In Greek mythology, Eurystheus (/jʊəˈrɪsθiəs/; Εὐρυσθεύς, /el/) was king of Tiryns, one of three Mycenaean strongholds in the Argolid, although other authors including Homer and Euripides cast him as ruler of Argos.

== Family ==
Eurystheus was the son of King Sthenelus and Nicippe (also called Antibia or Archippe), and he was a grandson of the hero Perseus. His sisters were Alcyone and Medusa (Astymedusa).
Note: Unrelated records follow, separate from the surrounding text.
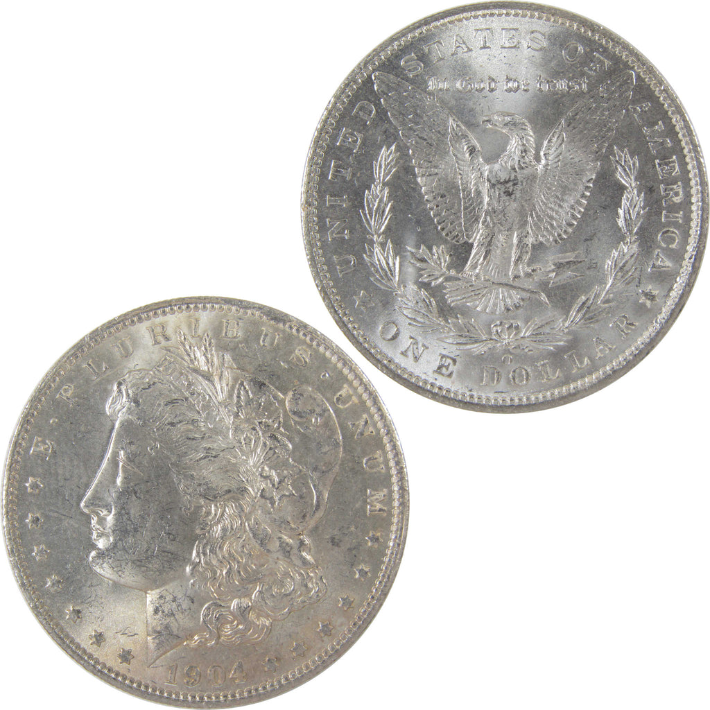 A genuine 1904 O Morgan Silver Dollar Coin, in Uncirculated Mint State Condition. Contains 90% Silver
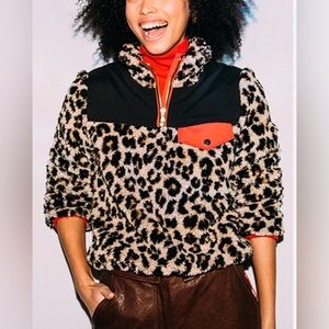 VERONICA BEARD Jeans Women’s Kylan Animal Print Sherpa Pullover Leopard Medium
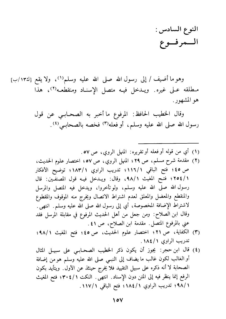 (¬2) مقدمة شرح مسلم، ص 29؛ المنهل الروي، ص 57؛ اختصار علوم الحديث، ص 45؛ فتح الباقي 1/ 116؛ تدريب الراوي 1/ 183؛ توضيح الأفكار 1/ 254؛ فتح المغيث 1/ 98، وقال: ويدخل فيه قول المصنفين: قال رسول الله صلى الله عليه وسلم، ولو تأخروا، ويدخل فيه المتصل والمرسل والمنقطع والمعضل والمعلق لعدم اشتراط الاتصال ويخرج منه الموقوف والمقطوع لاشتراط الإضافة المخصوصة، أي إلى رسول الله صلى الله عليه وسلم. انتهى. وقال ابن الصلاح: ومن جعل من أهل الحديث المرفوع في مقابلة المرسل فقد عني بالمرفوع المتصل. مقدمة ابن الصلاح، ص 41.
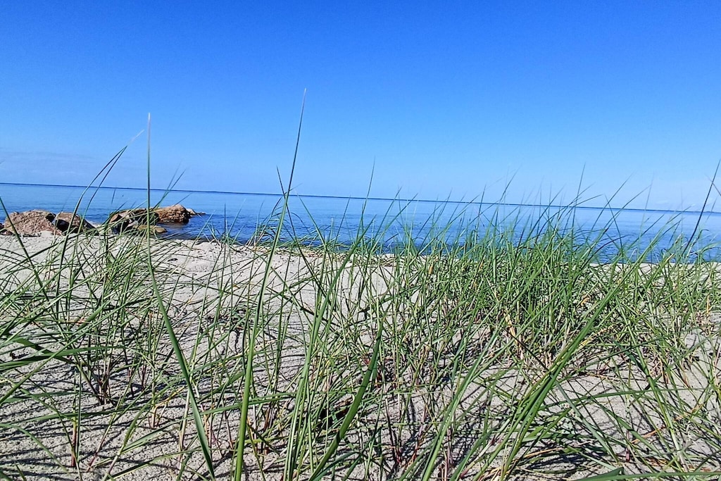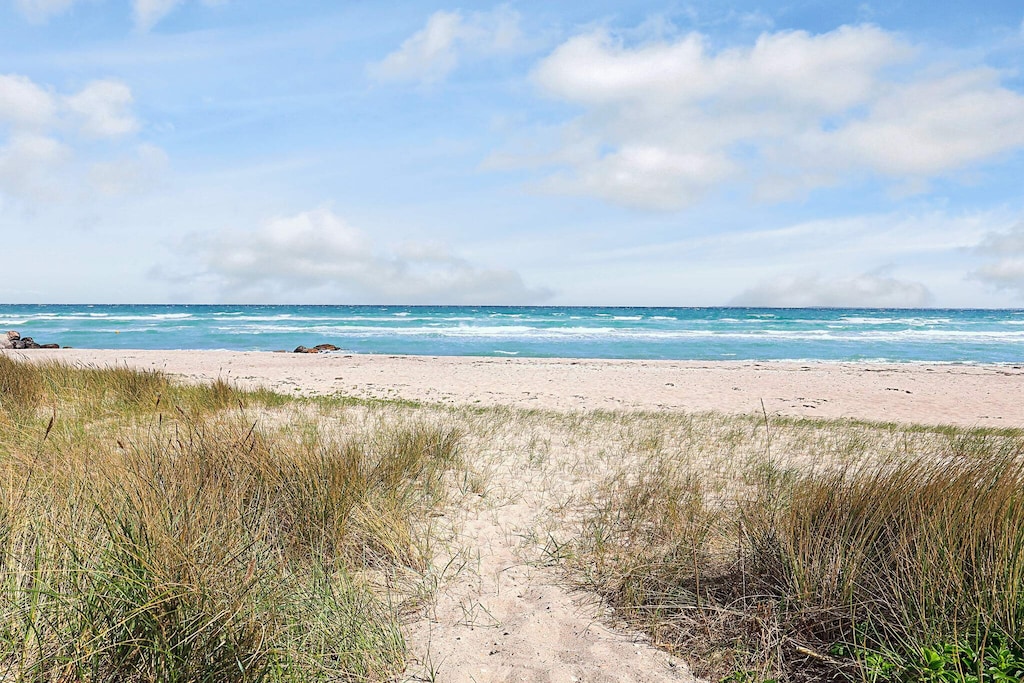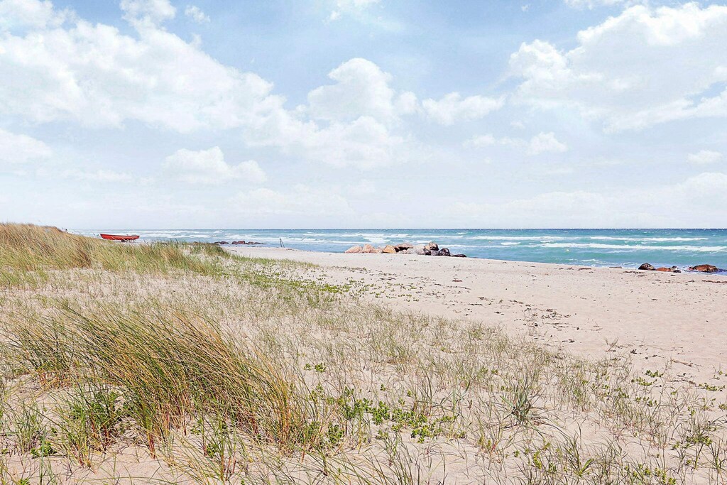 Bei Hasmark Strand liegt dieses Ferienhaus, ganz unten am Wasser und mit direktem Zugang zum Strand. Von Haus und Terrasse bietet sich eine einmalige Aussicht auf das Wasser, das nur ein paar Meter entfernt ist. Im Erdgeschoss gibt es zwei Schlafzimmer und ein Bad mit Dusche, Waschmaschine und Trockner. Der große, helle Küchen-Ess-Wohnbereich liegt im Obergeschoss. Fernseher mit dänischen Sendern. Genießen Sie die herrliche Aussicht durch die großen Fenster des Wohnzimmers. Der Strand ist besonders kinderfreundlich. Kleine Buhnen spenden Schutz. Nur eine kurze Autofahrt vom Haus können Sie Golf spielen, im Sommer Pferde mieten, Hofläden oder historische Stätten besuchen.A refundable deposit might be charged closer to your check-in date. The security deposit ensures a smooth stay and covers any additional services or consumption charges.This deposit covers utilities consumed during your stay and any additional services that may be taken.The final amount will be adjusted based on actual meter readings, actual usage of extra services, and any remaining balance will be refunded within 21 days after checkout.This deposit simply acts as a prepayment for charges that you would anyways pay for, ensuring a seamless stay and check-out experience.
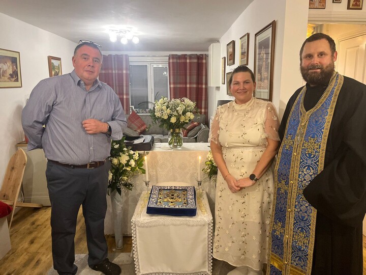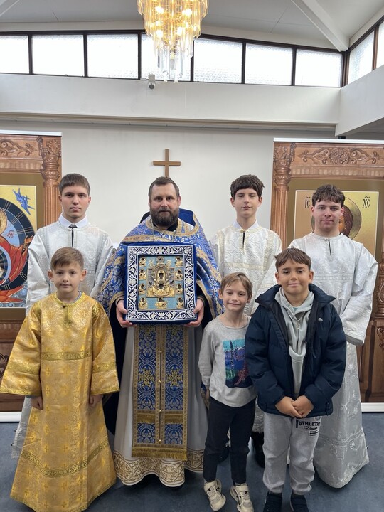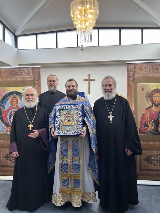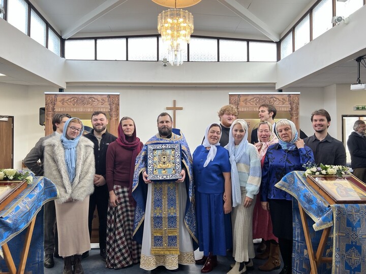 Zu Beginn der Großen Vesper wurde die Ikone von Erzpriester Luke Holden, Priester Mark Fisher und Hierodiakon Avraamy (Gregoriev) feierlich in der Kirche begrüßt. Pfarrer Mark Underwood, der sich derzeit in Genesung befindet, erwartete die Ikone mit großer Freude zu Hause. Mehr als 50 Gläubige nahmen an der Vesper teil.
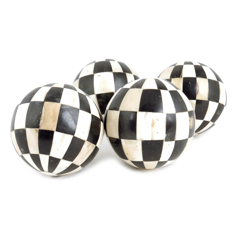 A set of four horn and bone carpet bowls
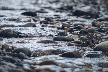 A close-up of rounded stones in a river, with water gently lapping against them, creating a peaceful and natural scene perfect for outdoor photography
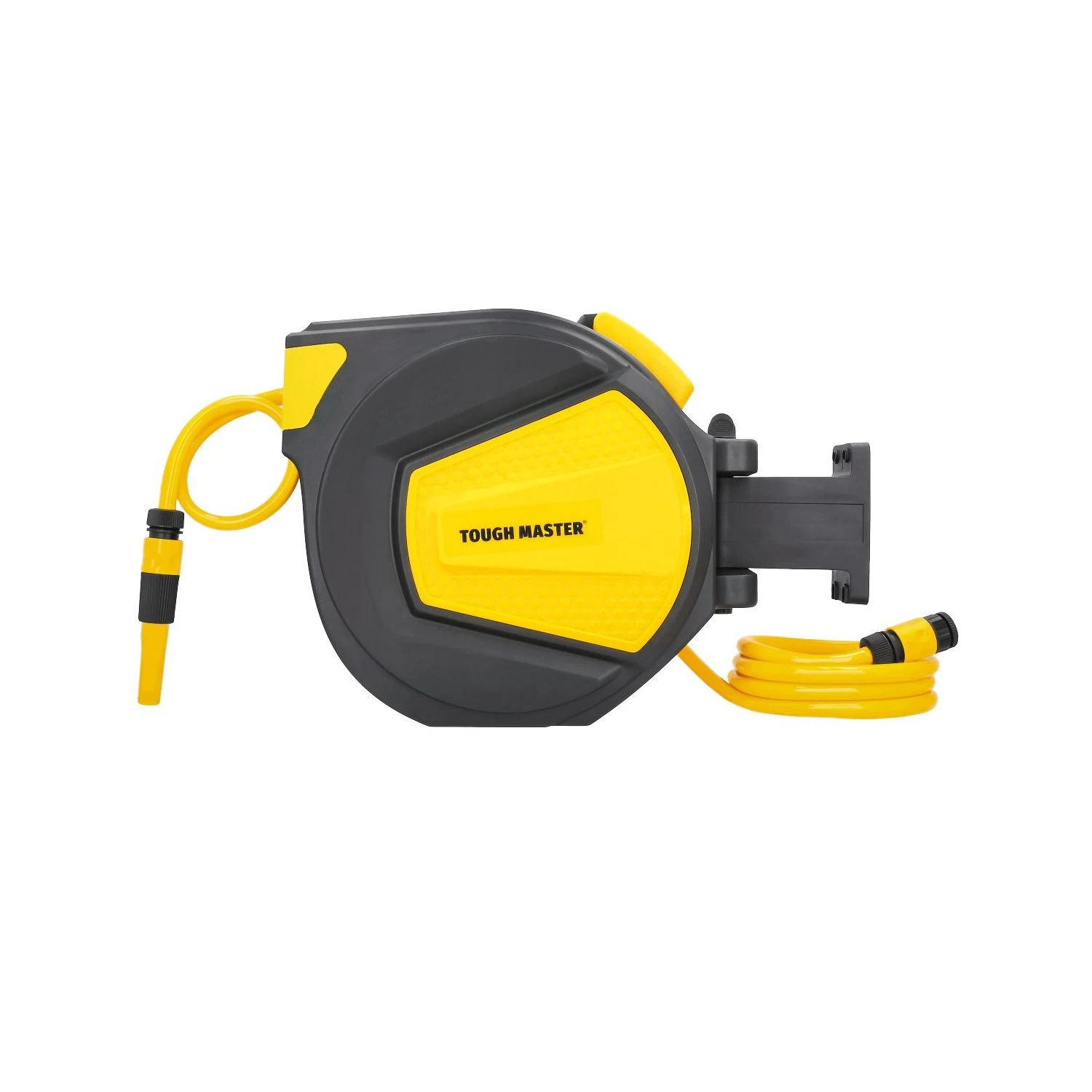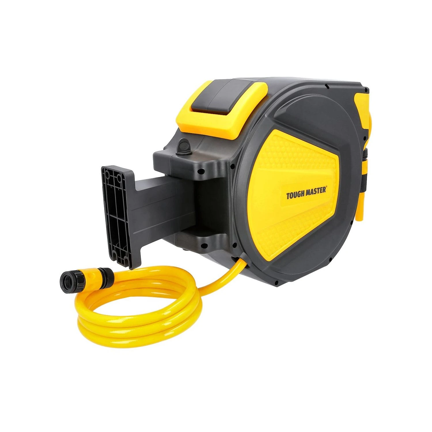 The TOUGH MASTER® TM-HRA22M Retractable Hose Reel is perfect for garden, yard, and car maintenance. This handy water hose reel has an automatic slow rewind system with an effective brake mechanism to ensure safe and reliable hose winding, increasing the retraction time to 7-10 seconds. It can fit firmly onto the wall thanks to its 180°pivot wall bracket system, which is easy to install and removable for situations where you need to store the hose reel cart elsewhere. Pre-installed with a 20m hose, you can lock the hose pipe reel at any length depending on your task, so you won’t have the full hose dragging behind you as you water your plants. Using less of the hose means it’ll retract quicker, too, giving you more time in the day to tend to other gardening needs. What’s more, the shell of the 20m garden hose reel is made entirely from polypropylene plastic, a material that is not only durable and UV-resistant, but recyclable too; so you can be confident you are making a planet-friendly purchase that is built to last. Meanwhile, the hose bumper on the hose pipe reel is designed to prevent the end of the hose from retracting into the hose reel case, while the integrated hose guide ensures smooth retraction without twists and tangles. With an ergonomically shaped carrying handle, relocate the wall mounted hose reel to the garage, shed, car, etc. comfortably and with ease.
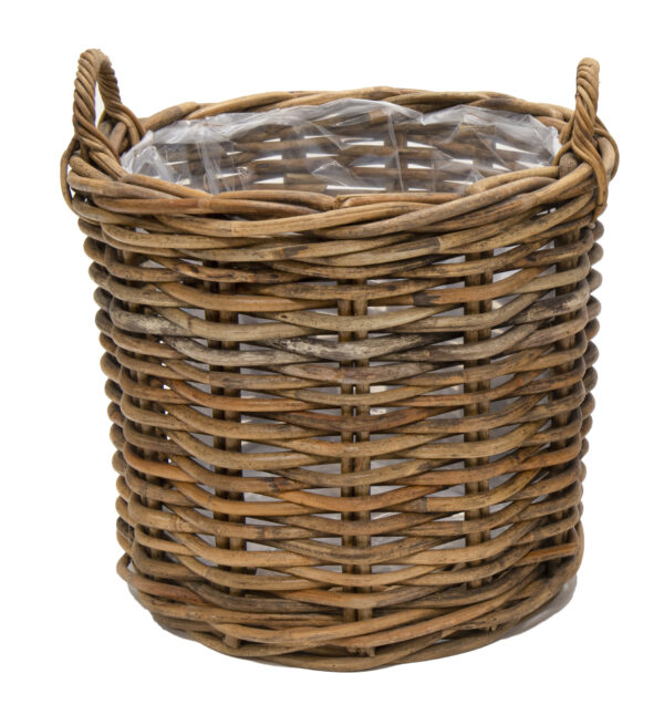 Deze grote cylindrisch gevormde rotan mand maakt deel uit van onze eigen collectie. Deze handgemaakte mand is gemaakt van stevig superdikke hele rotan, dus niet gespleten rotan en beschikt over een uniek en stijlvol gevlochten design. Deze ronde mand is voorzien van zeer solide handvaten en is voor talloze gebruik geschikt, bijvoorbeeld speelgoed,  kachelhout, planten enzovoorts.
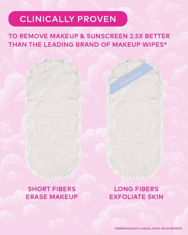 Erase all makeup with JUST WATER including waterproof. Our patented, water-activated, cloud-soft fibers gently & easily remove all makeup & sunscreen from pores. 2 in 1 benefit: one side erases makeup & one side exfoliates skin.
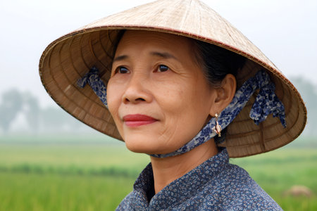 Elderly Vietnamese woman farmer smiling, wearing a traditional conical hat in a rural rice field
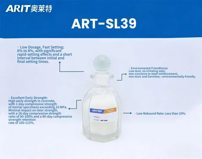 On a tunnel section of the Changjing-Huang Railway, high accelerator dosage caused excessive rebound and sub-standard early strength (1-day mortar strength only 3.4 MPa, below the 7 MPa national limit). After switching to our ARIT-SL39, dosage dropped from 8–9 % to 5–6 %, rebound fell markedly and 1-day compressive strength reached 9 MPa, comfortably exceeding the code requirement and keeping the job running smoothly.
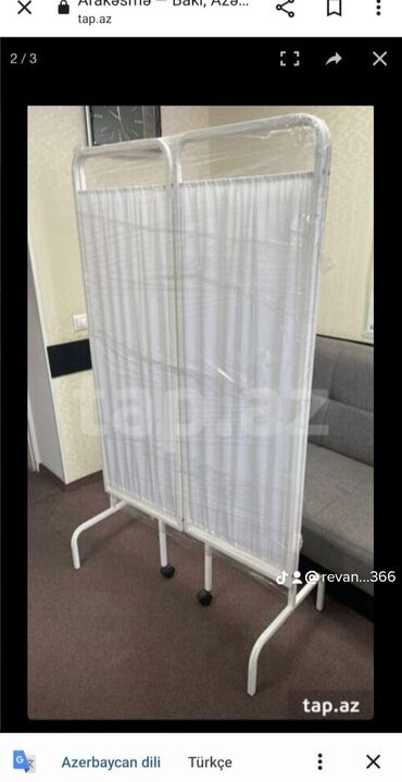 - Paravan: iki bölməli, metal çərçivə, ağ rəngli pərdə; alt hissədə hərəkəti asanlaşdıran təkərlər; yüngül və stabil konstruksiya; kabinetlərdə, prosedur otaqlarında və peyvənd məntəqələrində gizlilik yaratmaq üçün uyğundur.
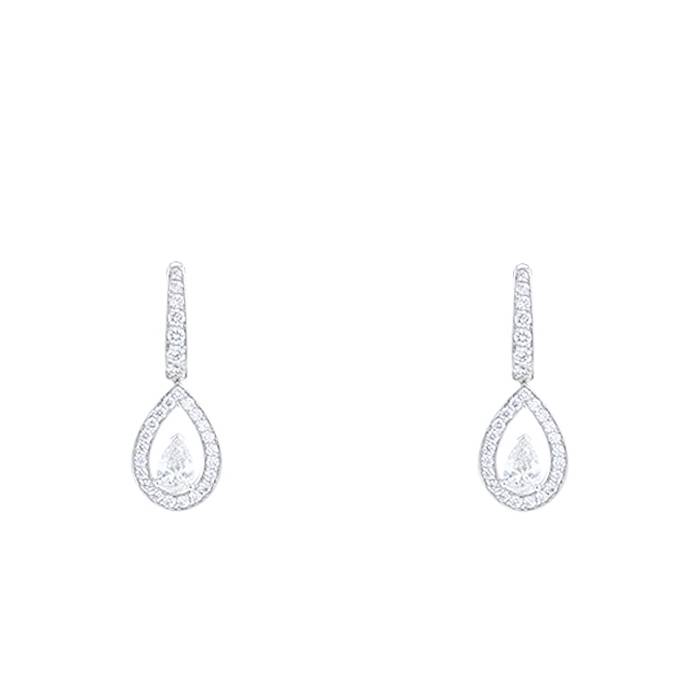 Muy bonitos pendientes colgantes Fred Lovelight modelo pequeño de oro blanco y diamantes, compuestos de líneas de diamantes, que sujeta de los diamantes de talla pera pesando en total 0.20 quilate, realzados de borde piriforme delicadamente pavimentado de diamantes de talla brillante.
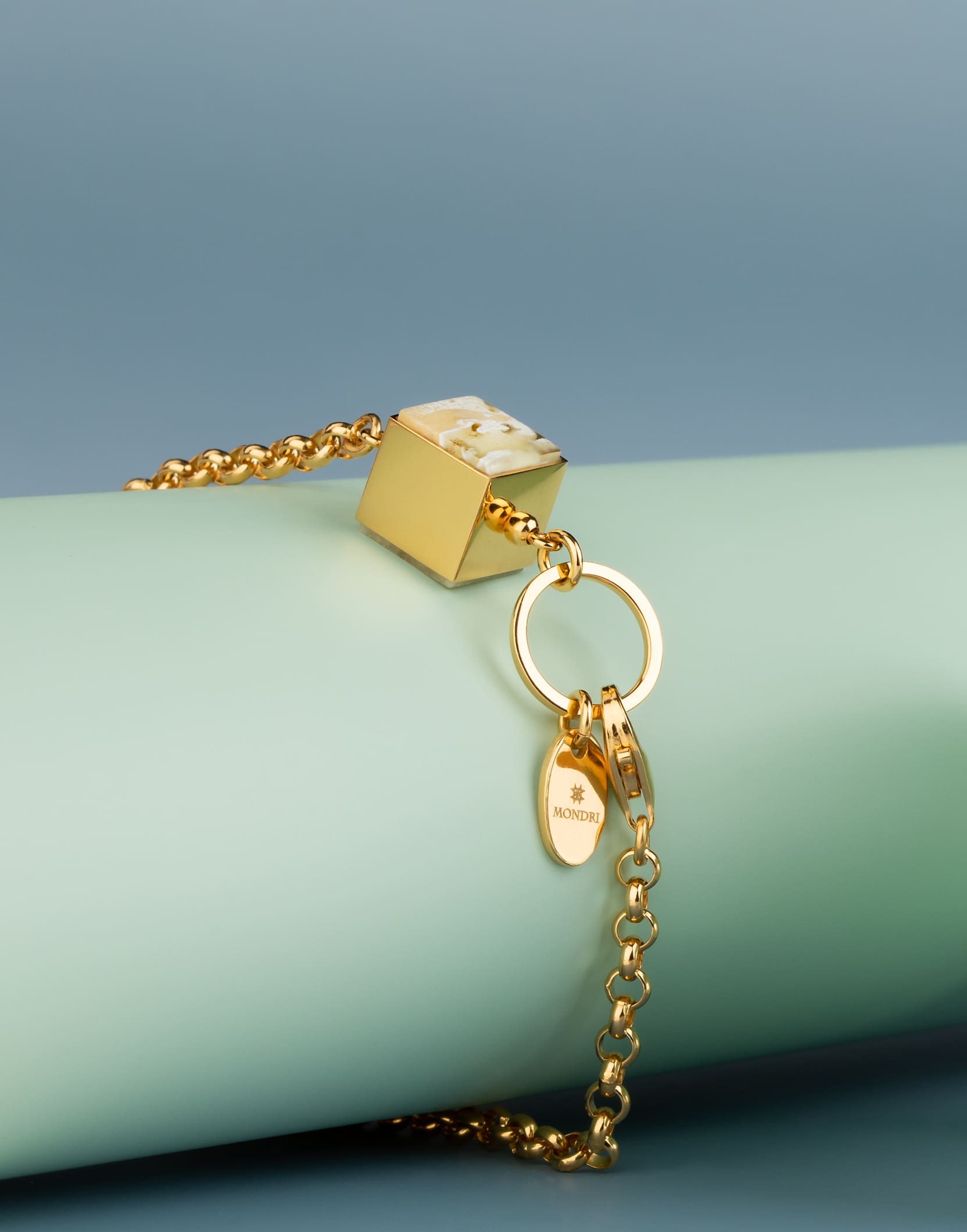 Prabangi apyrankė su gintaru CUBICO – modernus gintaro papuošalas, kuris neliks nepastebėtas. Precižiškas, griežtų formų dizainas ir išskirtinis Baltijos gintaro grožis sužavės iš pirmo žvilgsnio. Paauksuota grandinėlė ant rankos atrodys itin dailiai, o dėl jos lengvumo norėsis ją nešioti kasdien. Moderni apyrankė moterims gali būti pagaminta su liepų medaus atspalvio, peizažiniu ar itin baltu gintaru.
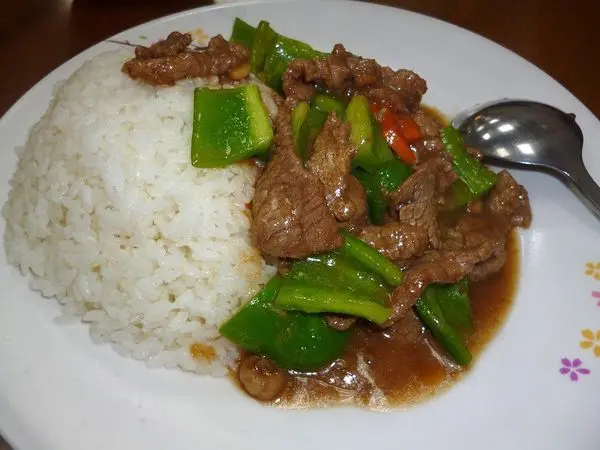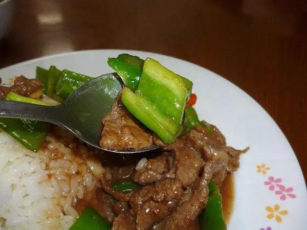 青椒牛肉飯是把牛肉片加上青椒熱炒後,再加在白飯上,青椒牛肉和白飯冒著騰騰的熱氣和香氣,綠色青椒切成塊狀,畫龍點睛的讓整盤快餐看起來生動許多.青椒雖然滋味特殊,經過熱炒,依然保持爽脆的口感,牛肉在青椒的陪襯下,依然軟嫩入味,但我比較喜歡咖哩的牛肉,因為牛肉的滋味多了一種微辣和咖哩香甜的滋味.比起青椒牛肉層次豐富許多.

Eurystheus married Antimache, daughter of Amphidamas of Arcadia. Their children were Admete, Alexander, Eurybius, Mentor, Perimedes, Iphimedon, and Eurypylus.

==Mythology==
=== Labours of Heracles ===

In the contest of wills between Hera and Zeus over whose candidate would be hero, fated to defeat the remaining creatures representing an old order and bring about the reign of the Twelve Olympians, Eurystheus was Hera's candidate and Heracles—though his name implies that at one archaic stage of myth-making he had carried "Hera's fame"—was the candidate of Zeus. The arena for the actions that would bring about this deep change are the Twelve Labors imposed on Heracles by Eurystheus. The immediate necessity for the Labours of Heracles is as penance for Heracles' murder of his own family, in a fit of madness, which had been sent by Hera; however, further human rather than mythic motivation is supplied by mythographers who note that their respective families had been rivals for the throne of Mycenae. Details of the individual episodes may be found in the article on the Labours of Heracles, but Hera was connected to all of the opponents Heracles had to overcome.

Heracles' human stepfather Amphitryon was also a grandson of Perseus, and since Amphitryon's father (Alcaeus) was older than Eurystheus' father (Sthenelus), he might have received the kingdom, but Sthenelus had banished Amphitryon for accidentally killing (a familiar mytheme) the eldest son in the family (Electryon). When, shortly before his son Heracles was born, Zeus proclaimed the next-born descendant of Perseus should get the kingdom, Hera thwarted his ambitions by delaying Alcmene's labour and having her candidate Eurystheus born prematurely at seven months. Heracles' first task was to slay the Nemean Lion and bring back its skin, which Heracles decided to wear. Eurystheus was so scared by Heracles' fearsome guise that he hid in a subterranean bronze winejar, and from that moment forth all labors were communicated to Heracles through a herald, Copreus.

For his second labour, to slay the Lernaean Hydra, Heracles took with him his nephew, Iolaus, as a charioteer. When Eurystheus found out that Heracles' nephew had helped him he declared that the labour had not been completed alone and as a result did not count towards the ten labours set for him.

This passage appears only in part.